Line numbers 37-75: The viral particle is surrounded by an outer layer of envelope (E) glycoproteins arranged as dimers, which mediate the initial attachment of the virus to the host cell. Each E protein consists of three structural domains that undergo pH-dependent conformational changes to expose a fusion loop, enabling the fusion of viral and host membranes and facilitating the release of viral RNA into the host cell. The M proteins, which help form the outer membrane of the viral particle along with E proteins, are derived from precursor membrane (prM) proteins. The presence of both mature M proteins and residual prM proteins on the viral surface contributes to the heterogeneity of viral particles and indicates viral maturity and infectivity. This variation can influence the degree of infectivity and the immune system's ability to recognize the virus.

 Comments 4: Lines 22-24 in the abstract: an understanding of the immune response at the cellular level, in and of itself, does really constitute an alternative approach of research, though it has the potential to identify new avenues of investigation that could lead to novel approaches.

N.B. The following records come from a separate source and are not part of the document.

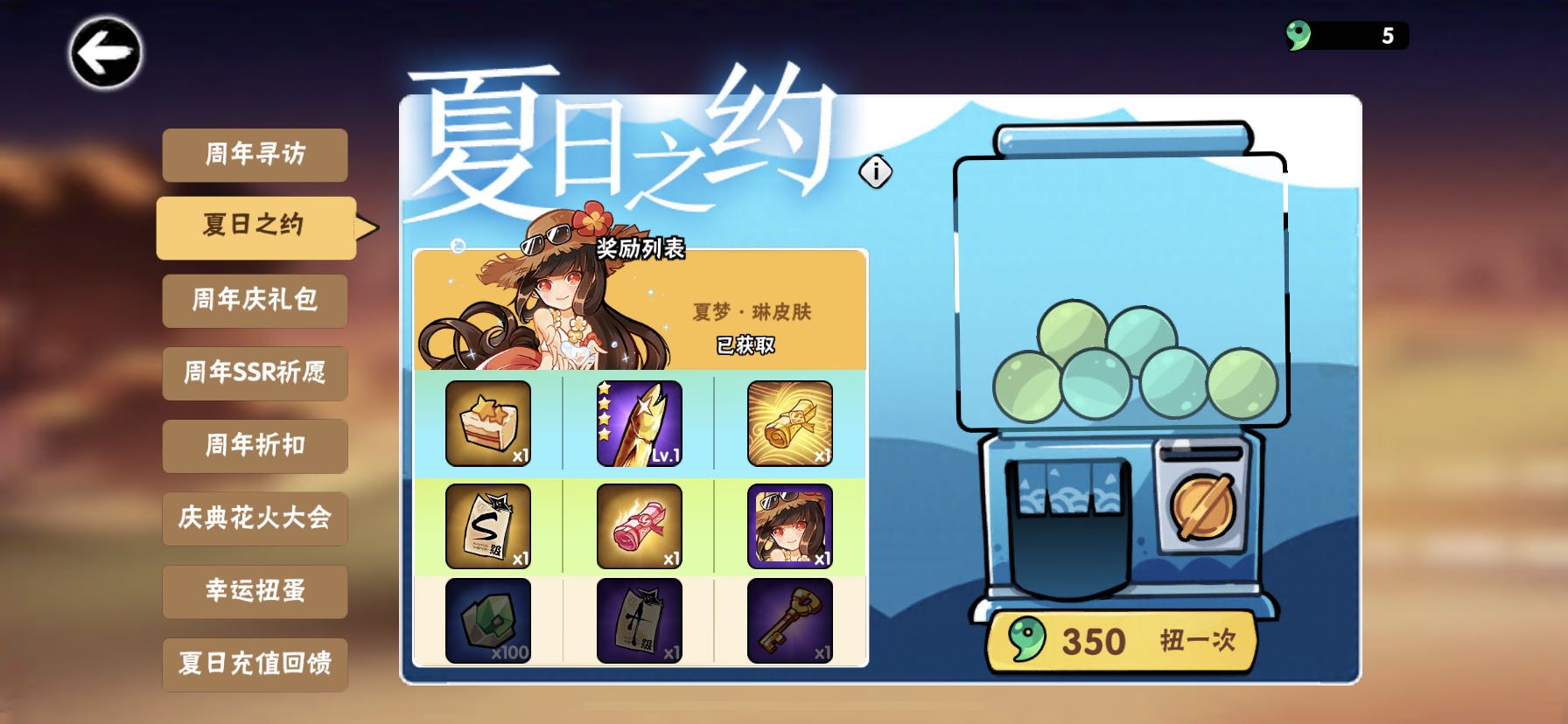 当了一把巨托,本来不相信托的存在。抽这个250之前还思考了半天,因为想要ss图卷或者4星咸鱼,在想如果出蛋糕和悬赏也不亏,最亏的就是s图卷……想都没想过会直接给皮肤,然而,我真的不玩琳
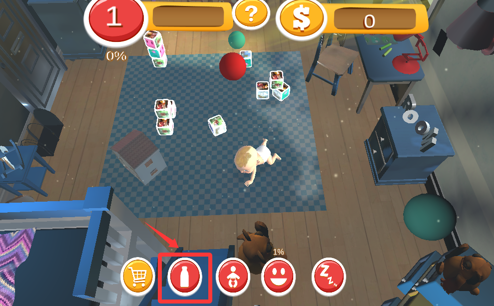 3、點(diǎn)擊紅色框框里的奶瓶給他喝奶。
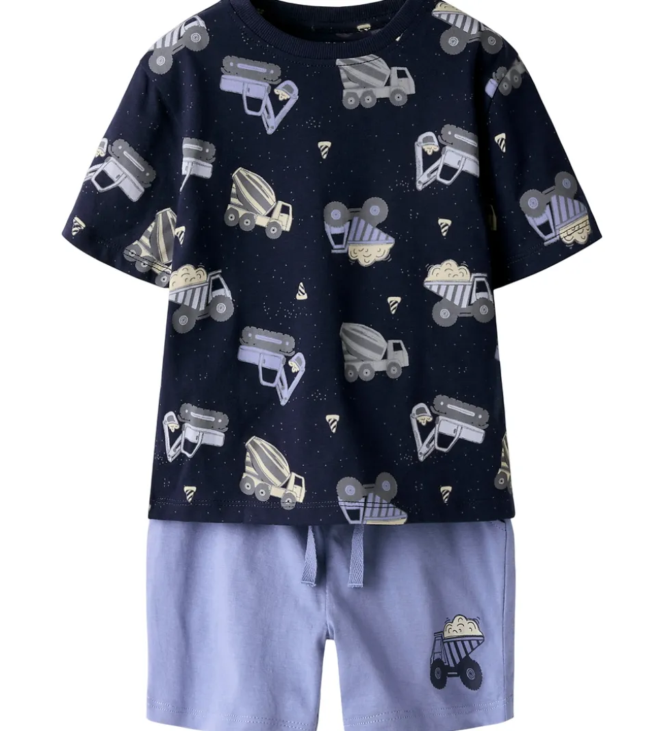 Lækkert Name It shortssæt bestående af et t-shirt og et par shorts. Name It shortsene er i en blød, blå nuance og har en komfortabel elastik i taljen og praktiske snører foran. T-shirten er i navyblå med et spændende transportmiddel-print.
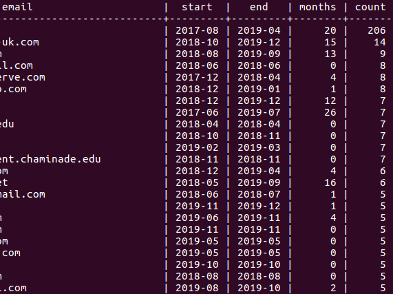 Here I've tweaked the query to show the number of months between the first and last purchase. This helps provide a sense of whether these people are using it recurring or just making a bunch of templates at once.pic.twitter.com/rB8V1iwOIJ

 Response 4: We have revised the statement for clarity and now it reads:

 

Lines 21-25: This duality underscores the complexity of the immune response to flavivirus infections, posing a significant challenge for researchers. Gaining a deeper understanding of the immune response at the cellular level, particularly the role of T follicular helper cells, can reveal new avenues of investigation that could lead to novel strategies for disease management.